(Dataset excerpts)
= = = =

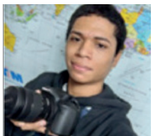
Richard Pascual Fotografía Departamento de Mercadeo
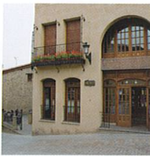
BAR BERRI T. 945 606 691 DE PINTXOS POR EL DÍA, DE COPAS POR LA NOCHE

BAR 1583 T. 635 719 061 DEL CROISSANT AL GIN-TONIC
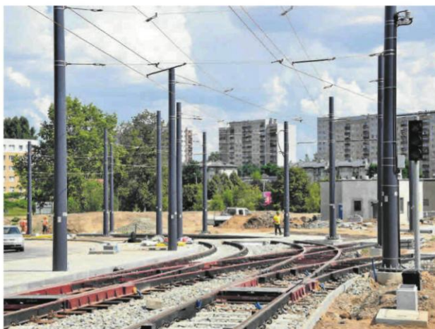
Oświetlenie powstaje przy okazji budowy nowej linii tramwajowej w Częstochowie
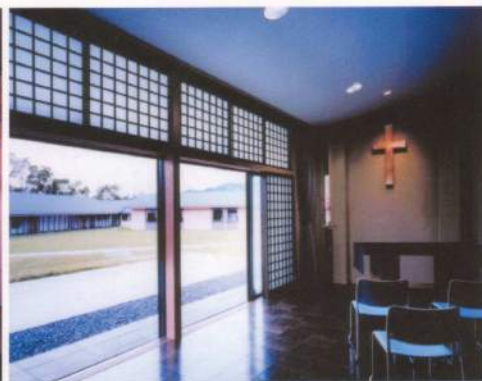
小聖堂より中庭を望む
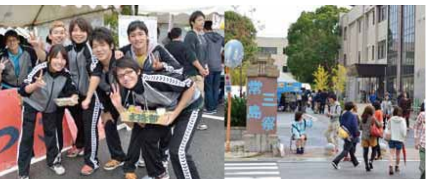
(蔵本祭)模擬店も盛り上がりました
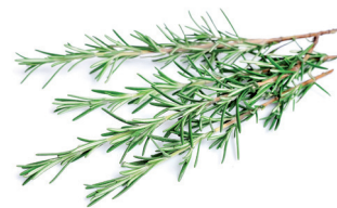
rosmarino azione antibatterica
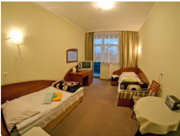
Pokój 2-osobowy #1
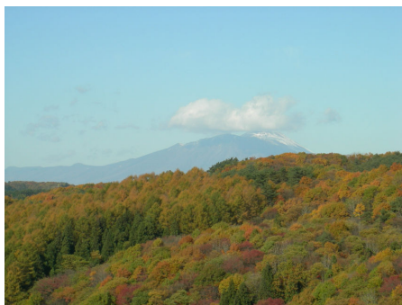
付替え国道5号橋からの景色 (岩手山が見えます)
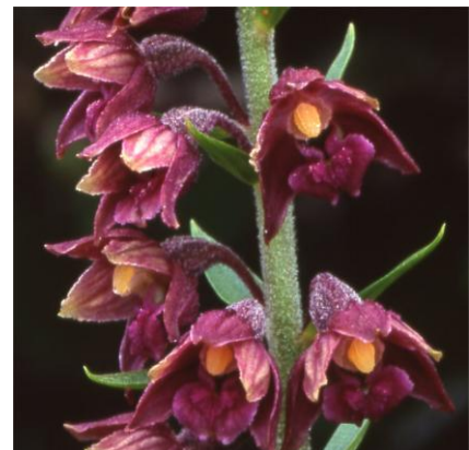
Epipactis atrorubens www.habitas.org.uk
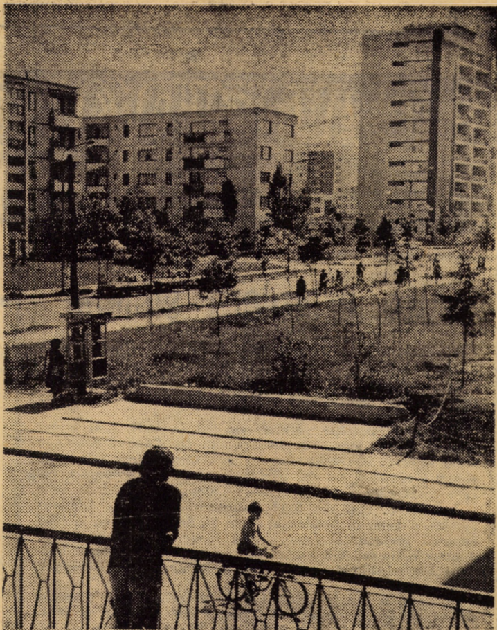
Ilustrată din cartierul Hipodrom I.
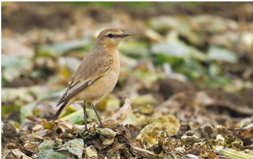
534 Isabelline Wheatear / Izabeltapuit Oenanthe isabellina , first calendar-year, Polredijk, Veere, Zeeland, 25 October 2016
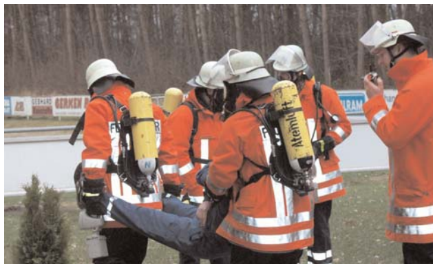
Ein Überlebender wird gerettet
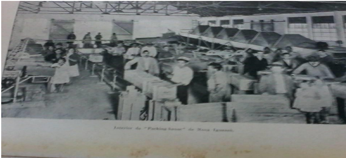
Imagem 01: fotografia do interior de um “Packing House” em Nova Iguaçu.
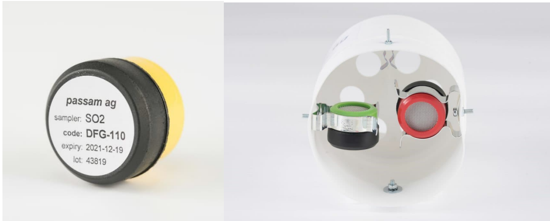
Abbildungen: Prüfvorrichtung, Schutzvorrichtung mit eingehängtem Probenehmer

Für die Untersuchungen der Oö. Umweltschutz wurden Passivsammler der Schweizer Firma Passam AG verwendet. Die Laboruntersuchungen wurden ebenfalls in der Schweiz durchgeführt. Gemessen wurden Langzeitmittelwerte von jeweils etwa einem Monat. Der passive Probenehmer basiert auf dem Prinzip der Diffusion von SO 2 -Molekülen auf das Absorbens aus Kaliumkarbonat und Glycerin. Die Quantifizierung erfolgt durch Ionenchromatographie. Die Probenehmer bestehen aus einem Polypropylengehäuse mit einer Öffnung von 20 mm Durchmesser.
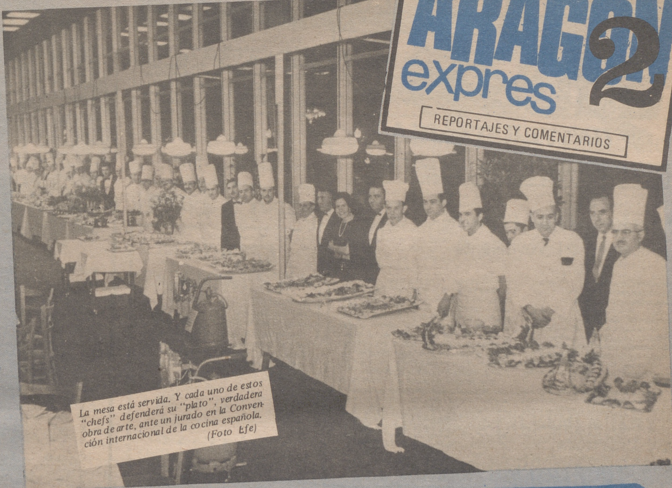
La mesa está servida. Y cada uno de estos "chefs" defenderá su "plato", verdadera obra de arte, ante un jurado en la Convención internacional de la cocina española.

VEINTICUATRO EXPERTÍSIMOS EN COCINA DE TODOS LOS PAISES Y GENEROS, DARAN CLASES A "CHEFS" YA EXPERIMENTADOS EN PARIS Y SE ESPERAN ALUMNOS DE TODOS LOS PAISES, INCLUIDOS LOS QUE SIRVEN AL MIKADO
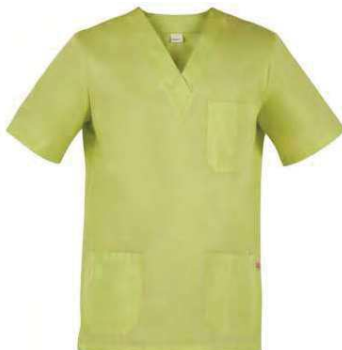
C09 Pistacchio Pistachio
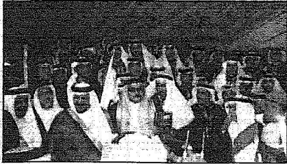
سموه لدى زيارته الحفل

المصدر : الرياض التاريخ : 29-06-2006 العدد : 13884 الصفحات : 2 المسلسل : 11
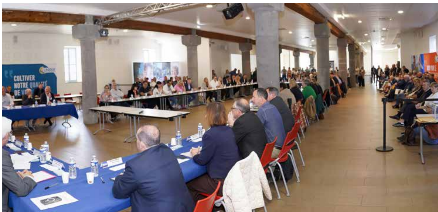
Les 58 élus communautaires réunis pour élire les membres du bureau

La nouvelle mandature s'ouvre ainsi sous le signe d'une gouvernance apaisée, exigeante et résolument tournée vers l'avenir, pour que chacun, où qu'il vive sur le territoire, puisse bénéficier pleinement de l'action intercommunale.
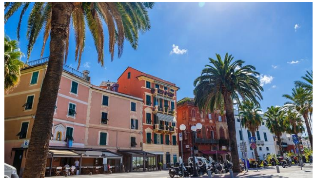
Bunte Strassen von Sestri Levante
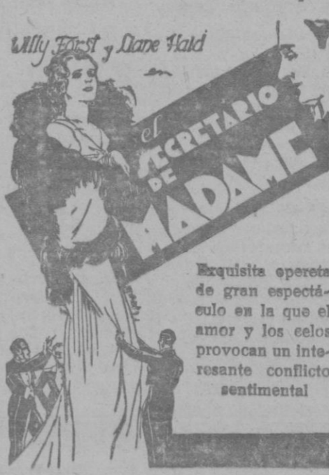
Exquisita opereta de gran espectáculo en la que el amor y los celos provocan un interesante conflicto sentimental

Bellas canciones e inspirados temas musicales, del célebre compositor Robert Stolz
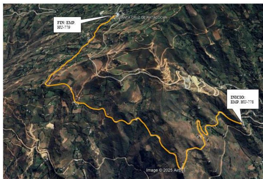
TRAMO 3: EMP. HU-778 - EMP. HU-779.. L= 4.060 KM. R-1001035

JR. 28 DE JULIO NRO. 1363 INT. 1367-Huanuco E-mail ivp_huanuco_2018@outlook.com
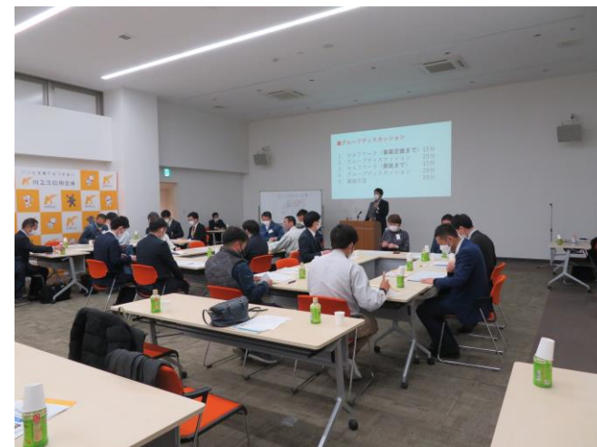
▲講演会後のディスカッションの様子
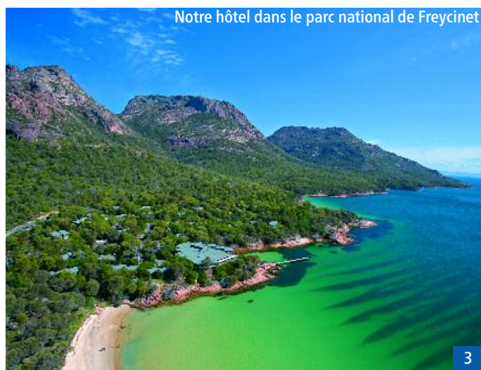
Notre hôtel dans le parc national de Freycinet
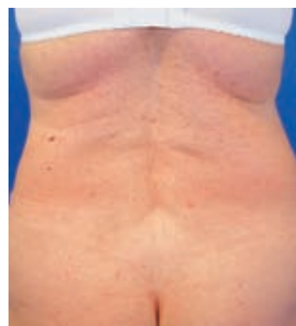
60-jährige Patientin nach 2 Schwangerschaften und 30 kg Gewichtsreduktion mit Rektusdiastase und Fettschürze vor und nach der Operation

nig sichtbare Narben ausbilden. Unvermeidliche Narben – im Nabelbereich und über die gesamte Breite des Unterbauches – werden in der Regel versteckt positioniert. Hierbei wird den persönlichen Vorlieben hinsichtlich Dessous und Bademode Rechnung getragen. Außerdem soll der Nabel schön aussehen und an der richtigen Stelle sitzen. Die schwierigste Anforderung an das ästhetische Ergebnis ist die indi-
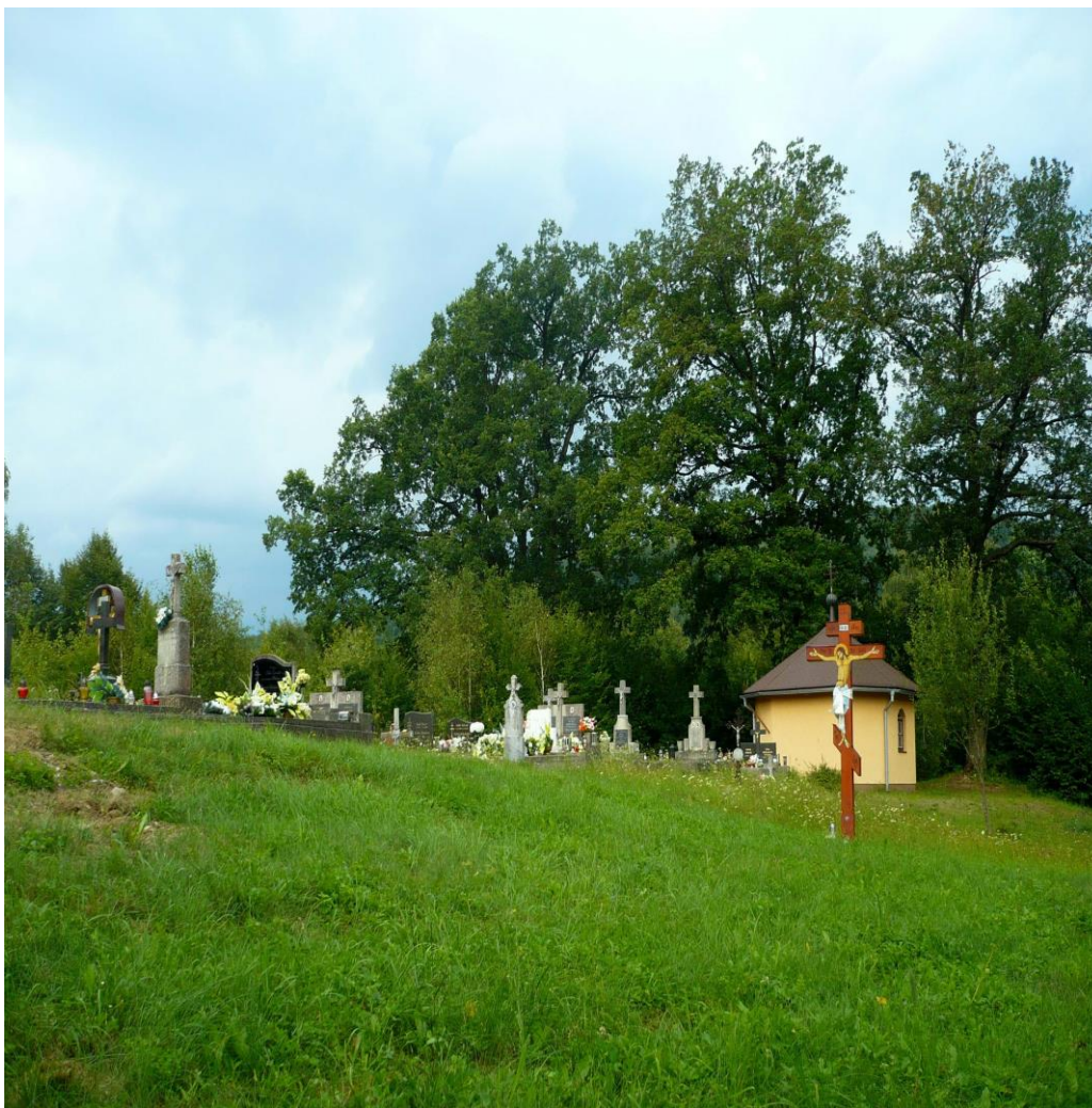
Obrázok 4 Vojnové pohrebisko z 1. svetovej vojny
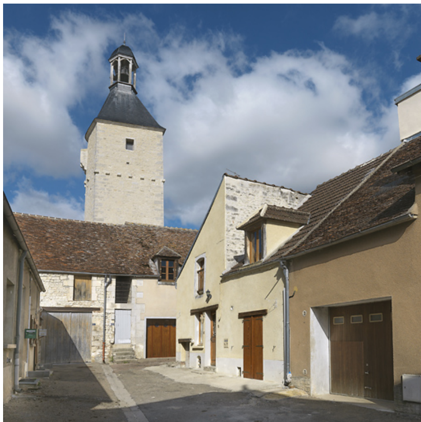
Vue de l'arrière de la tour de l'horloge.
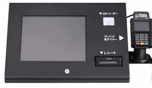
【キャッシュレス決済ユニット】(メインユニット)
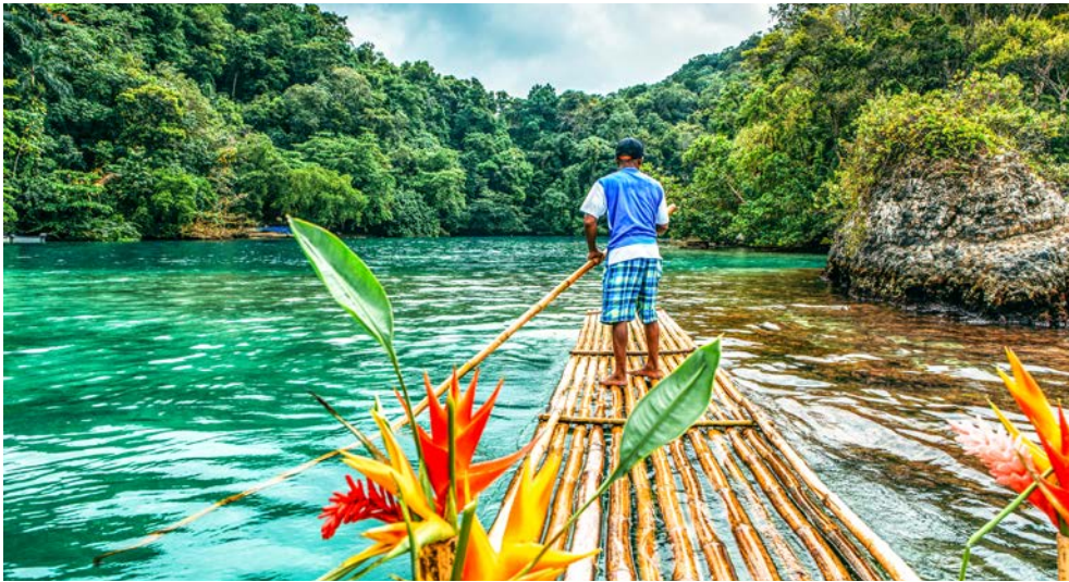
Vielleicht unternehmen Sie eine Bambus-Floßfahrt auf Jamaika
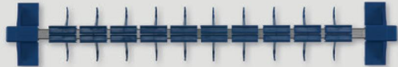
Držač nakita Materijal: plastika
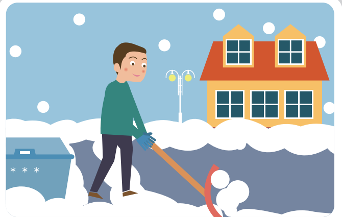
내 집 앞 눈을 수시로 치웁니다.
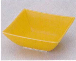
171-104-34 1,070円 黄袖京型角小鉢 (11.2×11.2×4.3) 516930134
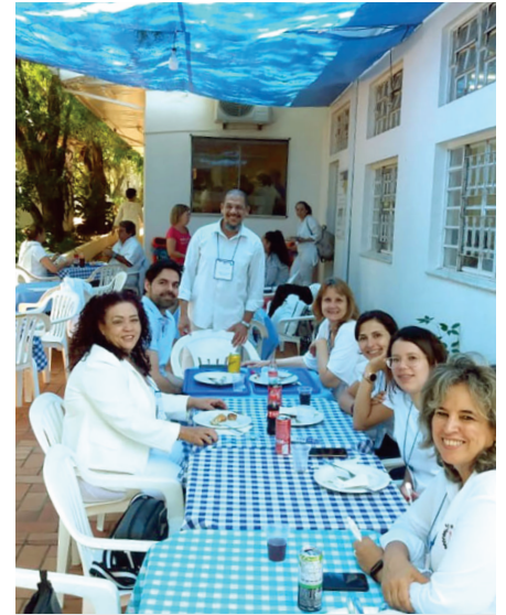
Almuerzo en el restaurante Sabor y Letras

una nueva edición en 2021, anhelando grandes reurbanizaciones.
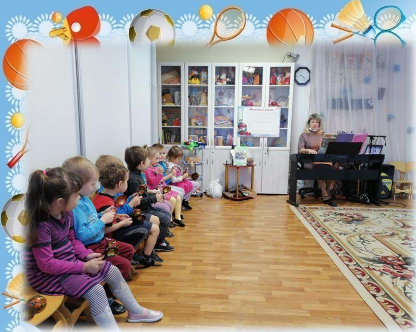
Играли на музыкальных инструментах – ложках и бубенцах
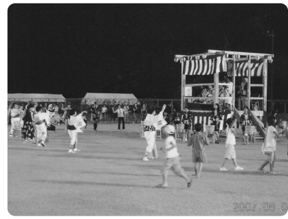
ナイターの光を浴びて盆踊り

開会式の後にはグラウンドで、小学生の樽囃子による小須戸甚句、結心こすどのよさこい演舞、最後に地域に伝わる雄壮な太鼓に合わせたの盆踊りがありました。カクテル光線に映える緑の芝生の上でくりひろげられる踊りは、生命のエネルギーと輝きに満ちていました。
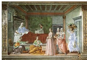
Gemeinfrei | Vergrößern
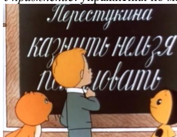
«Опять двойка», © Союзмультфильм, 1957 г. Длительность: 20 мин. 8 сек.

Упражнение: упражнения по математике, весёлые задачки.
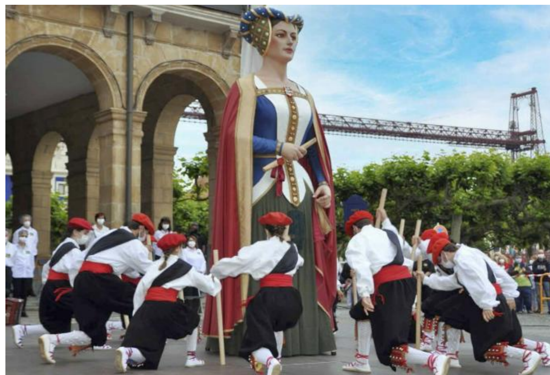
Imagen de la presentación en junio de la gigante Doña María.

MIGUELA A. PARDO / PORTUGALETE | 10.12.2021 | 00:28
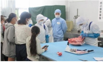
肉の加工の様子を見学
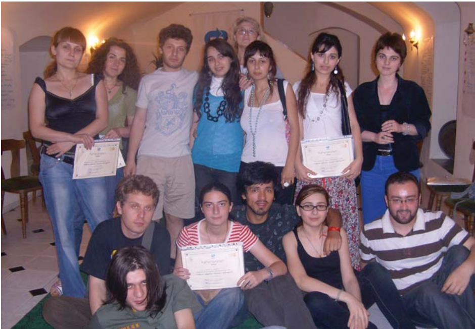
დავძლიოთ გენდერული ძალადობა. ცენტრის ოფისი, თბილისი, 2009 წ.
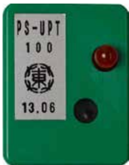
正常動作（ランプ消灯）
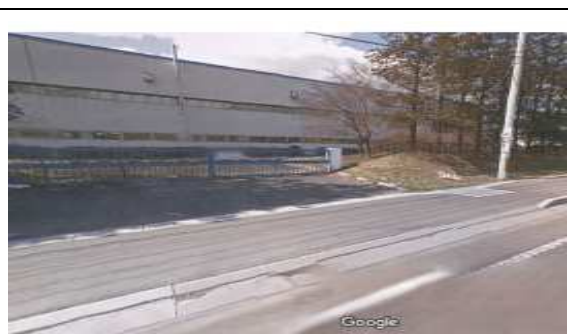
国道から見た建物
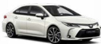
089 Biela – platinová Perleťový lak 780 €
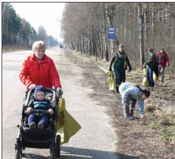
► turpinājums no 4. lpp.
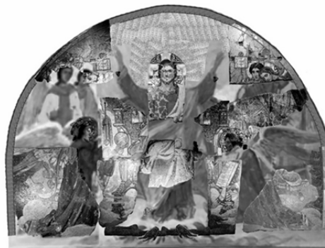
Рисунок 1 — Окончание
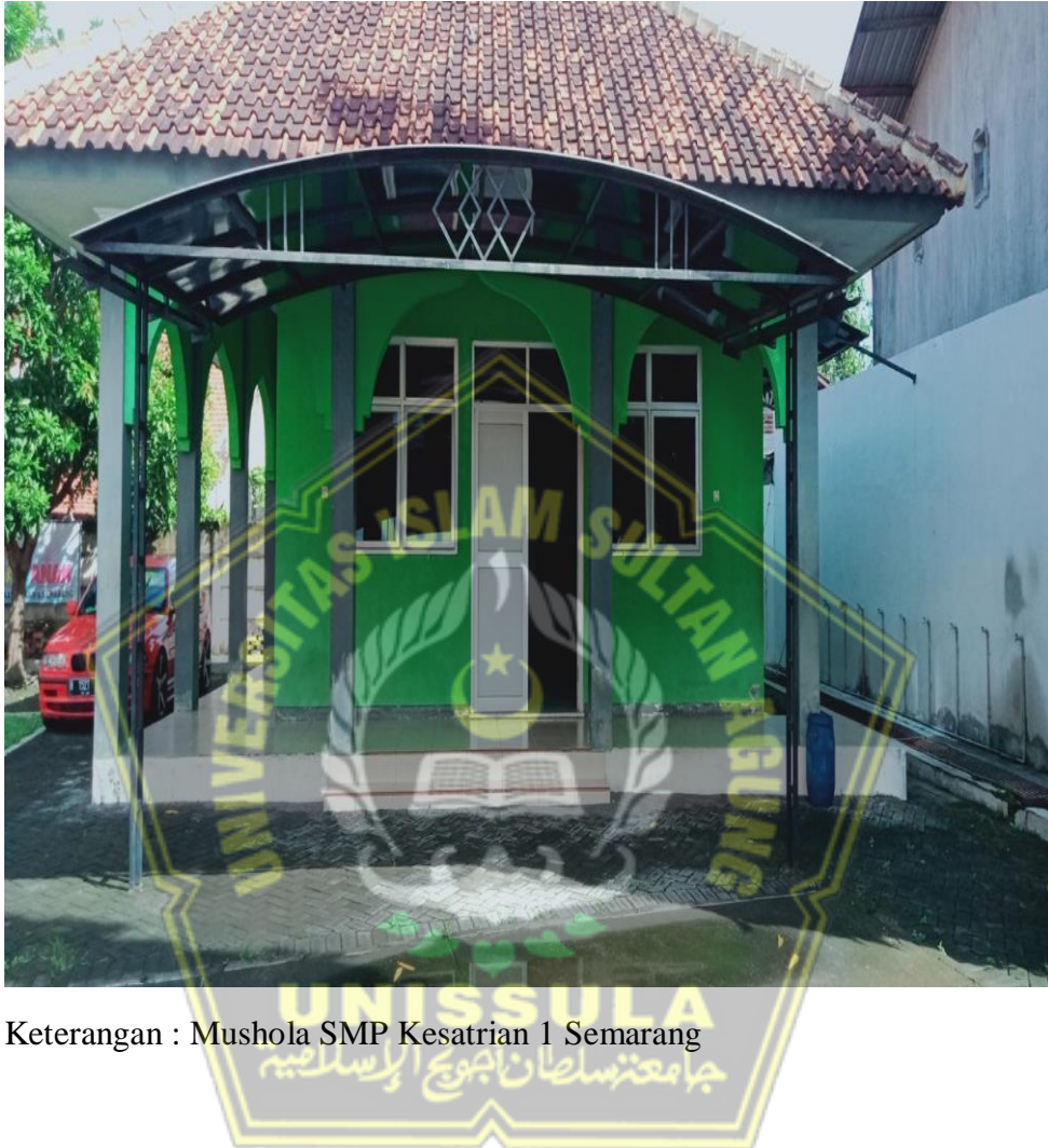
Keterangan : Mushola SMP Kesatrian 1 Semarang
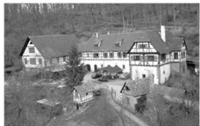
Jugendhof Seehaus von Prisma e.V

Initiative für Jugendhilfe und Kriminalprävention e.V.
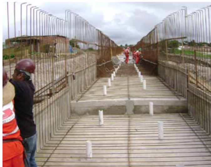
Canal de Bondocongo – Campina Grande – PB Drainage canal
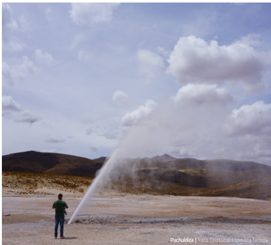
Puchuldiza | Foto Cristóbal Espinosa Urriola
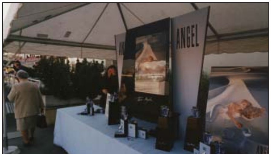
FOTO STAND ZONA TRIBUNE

= = = =

-- Task brief --
Go through the lines above. Select every one that has the string "wird".

-- Solution --
Ein Überlebender wird gerettet
nig sichtbare Narben ausbilden. Unvermeidliche Narben – im Nabelbereich und über die gesamte Breite des Unterbauches – werden in der Regel versteckt positioniert. Hierbei wird den persönlichen Vorlieben hinsichtlich Dessous und Bademode Rechnung getragen. Außerdem soll der Nabel schön aussehen und an der richtigen Stelle sitzen. Die schwierigste Anforderung an das ästhetische Ergebnis ist die indi-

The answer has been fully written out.